Lie to me, Alex
Give ESPN this: When they get beaten on a story, they sure do milk the hell out of the follow-up.
Still, the smothering sports network might as well have had Keith Lockhart instead of Peter Gammons sit down with Alex Rodriguez, considering how orchestrated the whole process was.
Compelling TV, yes, but if we’re supposed to take yesterday’s steroid admission and consider it an emotional turn in the life of A-Rod, then the wool really has grown in, well over our eyelids and reaching for the ears and mouth.
A-Rod is “sorry.” Great. That might have meant more last Friday.
In coming clean, A-Rod exposed himself as an even bigger, more duplicitous fraud than we had previously imagined, which is saying something. He’s sorry for getting caught, a confession of guilt that never would have materialized had “this Selena Roberts lady,” as Rodriguez so pettily referred to her, not broken the story on SI.com over the weekend.
He admits he took banned substances from 2001-03, but he doesn’t know what they were. He doesn’t even really know where they came from despite sharing the clubhouse over those three years with Rafael Palmeiro, Ken Caminiti, John Rocker, Ismael Valdez, Steve Woodard, Juan Gonzalez, and an assortment of other never-proven suspects. Yeah, I wonder.
It was the culture. He was young. He was stupid. We now know how Rodriguez spent the weekend: Taking a crash course in Celebrity Confession 101.
Be vague about seemingly definitive answers, such as the years you dabbled in performance-enhancing drugs. Just the three years, A-Rod? “That’s pretty accurate, yes.”

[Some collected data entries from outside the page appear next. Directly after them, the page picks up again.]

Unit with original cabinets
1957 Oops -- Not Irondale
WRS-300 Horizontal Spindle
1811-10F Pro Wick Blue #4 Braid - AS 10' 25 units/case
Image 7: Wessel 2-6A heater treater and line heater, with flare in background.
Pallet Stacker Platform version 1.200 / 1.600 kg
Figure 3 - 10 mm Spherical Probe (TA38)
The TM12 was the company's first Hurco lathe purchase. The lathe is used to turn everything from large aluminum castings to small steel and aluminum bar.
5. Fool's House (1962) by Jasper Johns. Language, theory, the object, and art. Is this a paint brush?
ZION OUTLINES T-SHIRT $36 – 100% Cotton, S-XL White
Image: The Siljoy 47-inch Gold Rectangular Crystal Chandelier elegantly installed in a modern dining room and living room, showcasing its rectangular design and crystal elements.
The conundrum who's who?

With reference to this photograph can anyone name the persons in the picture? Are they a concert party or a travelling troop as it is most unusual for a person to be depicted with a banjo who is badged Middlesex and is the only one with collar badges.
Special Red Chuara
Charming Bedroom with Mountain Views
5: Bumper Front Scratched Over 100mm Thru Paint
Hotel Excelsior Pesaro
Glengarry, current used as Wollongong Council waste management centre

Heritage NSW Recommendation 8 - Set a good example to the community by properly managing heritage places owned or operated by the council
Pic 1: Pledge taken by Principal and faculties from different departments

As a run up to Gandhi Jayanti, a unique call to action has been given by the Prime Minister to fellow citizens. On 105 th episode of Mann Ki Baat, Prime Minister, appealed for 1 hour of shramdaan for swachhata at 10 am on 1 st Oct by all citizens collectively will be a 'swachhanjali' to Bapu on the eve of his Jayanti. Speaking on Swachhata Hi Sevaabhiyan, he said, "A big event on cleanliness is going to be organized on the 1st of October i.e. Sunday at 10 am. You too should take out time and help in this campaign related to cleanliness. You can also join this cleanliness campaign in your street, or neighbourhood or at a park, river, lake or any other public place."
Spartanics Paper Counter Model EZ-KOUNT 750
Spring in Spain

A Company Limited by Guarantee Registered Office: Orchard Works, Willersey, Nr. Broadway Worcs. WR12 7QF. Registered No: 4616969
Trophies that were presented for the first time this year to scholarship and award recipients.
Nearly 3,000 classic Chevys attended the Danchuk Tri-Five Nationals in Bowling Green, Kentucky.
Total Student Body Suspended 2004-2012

Apologize to your fans: “I couldn’t feel more regret and feel more sorry because I have so much respect for this game, and, you know, the people that follow me and respect me. And I have millions of fans out there that are, you know, will never look at me the same.”
But here’s my unequivocally favorite part of the interview (which, you know, you can get on ESPN.com), when Scott Boras — er, sorry, Gammons — asks him about educating “kids across the country” in the shadow of this story.
“100 percent. I mean, that’s what I’ve done with the Boys and Girls Club my whole life. You know, I was born in Washington Heights [N.Y.]. I would love to really get into that community and do things that are real, that are going to make a difference. And I have an opportunity here to help out a lot of kids. And I have nine years and the rest of my career to devote myself to children in the future and really bring awareness to, you know, where we need to head as a game. And I think we are headed in the right direction.”
He’d really like to get into that community. Excuse my sense of time, but hasn’t the guy played in New York for five years now?
Sorry, I don’t believe 80 percent of what Rodriguez and Boras are selling in this interview. How can you, when just a little more than a year ago, the Yankees superstar sat down on “60 Minutes” and lied to Katie Couric’s face? Back then, he had complete confidence in himself on the baseball field. He must have been young and stupid when he decided to lie on national TV.
Oh, not now.
That was perhaps the most disappointing aspect of this whole interview, the fact that Gammons didn’t hammer Rodriguez more about the “60 Minutes” lie, almost as if the question were in there because there would be overwhelming criticism of the sit-down if it weren’t.
PETER GAMMONS: Now, you mentioned the Katie Couric interview. You were asked if you ever used steroids, human growth hormones or other performance-enhancing substances. You said no, flat-out no. In your mind, that wasn’t a lie?
ALEX RODRIGUEZ: At the time, Peter, I wasn’t even being truthful with myself. How am I going to be truthful with Katie or CBS? Today, I’m here to tell the truth, and I feel good about that. I think my fans deserve that. I’m ready to put everything behind me and go play baseball. You know, we have a great team this year. I couldn’t be more excited about the guys that we’ve brought in, Mark Teixeira, A.J. Burnett … It’s an important time in my life to turn the page and focus on what’s next.
Somehow, we got from CBS and Katie Couric, to Rodriguez weakly explaining why it wasn’t a lie, to the Yankees’ free agent spending frenzy. Now, if this weren’t a rehearsed 30 minutes on the parts of A-Rod and ESPN, here’s what the next question might have consisted of:
“Alex, if you lied back in ‘07, why in the name of Bronson Arroyo should we believe one iota of what you’re shoveling now?”
That, in essence, is the unanswered question from this interview with baseball’s latest swindler, in cahoots with ESPN, making up for getting out-scooped by forcing a disingenuous “apology” down our throats. But that’s what you get when you’re so hungry to make a splash on a story you’re playing catch-up on, a harried agreement to ask only certain questions of a subject that might have plenty more to hide than for which he’s seemingly sorry.